INPUT: Begin

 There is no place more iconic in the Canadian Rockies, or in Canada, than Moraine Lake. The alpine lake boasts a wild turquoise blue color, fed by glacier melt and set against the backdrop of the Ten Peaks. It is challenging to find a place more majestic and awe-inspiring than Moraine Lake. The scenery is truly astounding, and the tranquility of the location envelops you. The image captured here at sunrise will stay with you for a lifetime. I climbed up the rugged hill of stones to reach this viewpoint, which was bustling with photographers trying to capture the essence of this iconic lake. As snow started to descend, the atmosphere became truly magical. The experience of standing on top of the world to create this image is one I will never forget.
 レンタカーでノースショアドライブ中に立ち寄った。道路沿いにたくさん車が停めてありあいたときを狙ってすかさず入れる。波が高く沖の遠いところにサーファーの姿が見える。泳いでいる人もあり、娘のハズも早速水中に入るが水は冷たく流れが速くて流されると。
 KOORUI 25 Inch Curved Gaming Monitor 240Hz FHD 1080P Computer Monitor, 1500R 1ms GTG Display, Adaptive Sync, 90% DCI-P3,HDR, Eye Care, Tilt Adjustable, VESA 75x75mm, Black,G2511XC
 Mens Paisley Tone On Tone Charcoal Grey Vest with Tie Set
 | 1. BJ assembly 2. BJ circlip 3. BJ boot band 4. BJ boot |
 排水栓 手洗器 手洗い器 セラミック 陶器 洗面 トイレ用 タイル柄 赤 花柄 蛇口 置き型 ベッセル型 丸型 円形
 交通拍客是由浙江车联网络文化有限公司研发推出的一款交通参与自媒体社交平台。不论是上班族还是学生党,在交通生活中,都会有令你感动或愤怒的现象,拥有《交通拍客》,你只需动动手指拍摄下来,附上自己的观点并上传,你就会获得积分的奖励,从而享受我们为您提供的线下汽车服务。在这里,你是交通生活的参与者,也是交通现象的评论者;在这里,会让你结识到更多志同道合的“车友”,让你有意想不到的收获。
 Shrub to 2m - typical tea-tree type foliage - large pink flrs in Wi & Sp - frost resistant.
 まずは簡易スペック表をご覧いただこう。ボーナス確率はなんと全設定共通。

INPUT: End

INSTRUCTIONS TO FOLLOW - Write out exactly the lines from the line containing "4. BJ boot |" to the end of the listing above, both included, and nothing else.

RESULT -
 | 1. BJ assembly 2. BJ circlip 3. BJ boot band 4. BJ boot |
 排水栓 手洗器 手洗い器 セラミック 陶器 洗面 トイレ用 タイル柄 赤 花柄 蛇口 置き型 ベッセル型 丸型 円形
 交通拍客是由浙江车联网络文化有限公司研发推出的一款交通参与自媒体社交平台。不论是上班族还是学生党,在交通生活中,都会有令你感动或愤怒的现象,拥有《交通拍客》,你只需动动手指拍摄下来,附上自己的观点并上传,你就会获得积分的奖励,从而享受我们为您提供的线下汽车服务。在这里,你是交通生活的参与者,也是交通现象的评论者;在这里,会让你结识到更多志同道合的“车友”,让你有意想不到的收获。
 Shrub to 2m - typical tea-tree type foliage - large pink flrs in Wi & Sp - frost resistant.
 まずは簡易スペック表をご覧いただこう。ボーナス確率はなんと全設定共通。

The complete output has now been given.